Last year, as part of an industrywide review of FDA's accelerated approval program, the agency's Oncologic Drugs Advisory Committee voted 10 to 1 in favor of maintaining accelerated approval for Tecentriq's 2018 indication while the company awaited the final overall survival readout from the confirmatory post-market study IMvigor130.

Now, Genentech has decided to pull this indication after IMvigor130 failed to show that Tecentriq plus platinum-based chemo has an overall survival advantage over chemotherapy when given a first-line option for advanced bladder cancer patients. The firm plans to share the trial data at an upcoming medical meeting.

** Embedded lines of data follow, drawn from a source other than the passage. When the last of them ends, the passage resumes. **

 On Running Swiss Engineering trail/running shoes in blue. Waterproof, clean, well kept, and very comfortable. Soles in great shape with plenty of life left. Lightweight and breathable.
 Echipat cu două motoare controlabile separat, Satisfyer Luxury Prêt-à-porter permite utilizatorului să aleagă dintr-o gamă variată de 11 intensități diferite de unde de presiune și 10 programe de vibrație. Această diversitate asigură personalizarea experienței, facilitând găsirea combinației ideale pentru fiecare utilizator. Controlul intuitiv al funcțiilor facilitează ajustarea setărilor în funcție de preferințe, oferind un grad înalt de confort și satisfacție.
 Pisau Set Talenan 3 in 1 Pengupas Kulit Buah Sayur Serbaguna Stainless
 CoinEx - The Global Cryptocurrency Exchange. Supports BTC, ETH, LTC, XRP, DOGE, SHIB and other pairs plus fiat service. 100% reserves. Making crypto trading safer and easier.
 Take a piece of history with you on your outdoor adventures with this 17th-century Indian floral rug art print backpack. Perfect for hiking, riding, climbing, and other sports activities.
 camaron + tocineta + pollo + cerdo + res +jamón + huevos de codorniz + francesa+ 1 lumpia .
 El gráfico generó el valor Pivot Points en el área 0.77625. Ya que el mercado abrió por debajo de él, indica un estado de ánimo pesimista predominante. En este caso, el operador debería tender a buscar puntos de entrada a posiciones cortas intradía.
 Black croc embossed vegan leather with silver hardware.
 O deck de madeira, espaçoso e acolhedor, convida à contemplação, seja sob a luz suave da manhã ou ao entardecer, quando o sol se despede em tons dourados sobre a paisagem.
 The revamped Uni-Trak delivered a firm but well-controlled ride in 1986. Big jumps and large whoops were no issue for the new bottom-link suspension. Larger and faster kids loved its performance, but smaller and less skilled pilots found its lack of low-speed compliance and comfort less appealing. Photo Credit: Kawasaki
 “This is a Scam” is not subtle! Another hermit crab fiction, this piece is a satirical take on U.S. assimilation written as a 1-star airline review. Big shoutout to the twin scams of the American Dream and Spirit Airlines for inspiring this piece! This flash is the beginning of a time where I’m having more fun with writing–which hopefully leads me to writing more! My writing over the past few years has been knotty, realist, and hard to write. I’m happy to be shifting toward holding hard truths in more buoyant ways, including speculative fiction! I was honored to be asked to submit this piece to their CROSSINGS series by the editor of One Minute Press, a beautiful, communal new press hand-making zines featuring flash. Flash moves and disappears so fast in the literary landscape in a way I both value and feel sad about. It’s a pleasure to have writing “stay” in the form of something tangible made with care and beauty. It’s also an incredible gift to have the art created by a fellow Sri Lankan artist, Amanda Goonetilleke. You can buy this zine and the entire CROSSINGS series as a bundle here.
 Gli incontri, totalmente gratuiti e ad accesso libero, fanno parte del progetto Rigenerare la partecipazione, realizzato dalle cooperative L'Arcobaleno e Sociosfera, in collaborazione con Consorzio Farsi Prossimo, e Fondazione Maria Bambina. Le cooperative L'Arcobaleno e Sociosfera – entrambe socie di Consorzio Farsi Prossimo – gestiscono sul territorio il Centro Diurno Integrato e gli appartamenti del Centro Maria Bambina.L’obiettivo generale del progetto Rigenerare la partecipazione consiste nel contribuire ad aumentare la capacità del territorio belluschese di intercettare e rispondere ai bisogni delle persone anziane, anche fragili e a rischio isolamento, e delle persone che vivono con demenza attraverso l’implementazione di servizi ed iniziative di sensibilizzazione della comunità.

"While we are disappointed with this withdrawal, we understand the need to uphold the principles of the FDA's Accelerated Approval Program," Levi Garraway, Genentech's chief medical officer and head of global product development, said in a statement. "There is considerable unmet need for effective and tolerable treatments for people living with advanced bladder cancer and so we regret that the IMvigor130 trial did not cross the statistical threshold for overall survival."

Genentech plans to work with the FDA to complete the process of withdrawing Tecentriq in the coming weeks.

In May 2021, Genentech also pulled its FDA accelerated approval for Tecentriq in platinum chemo-treated bladder cancer patients after the IMvigor211 confirmatory trial showed the drug did not improve overall survival in the PD-L1-high patient population.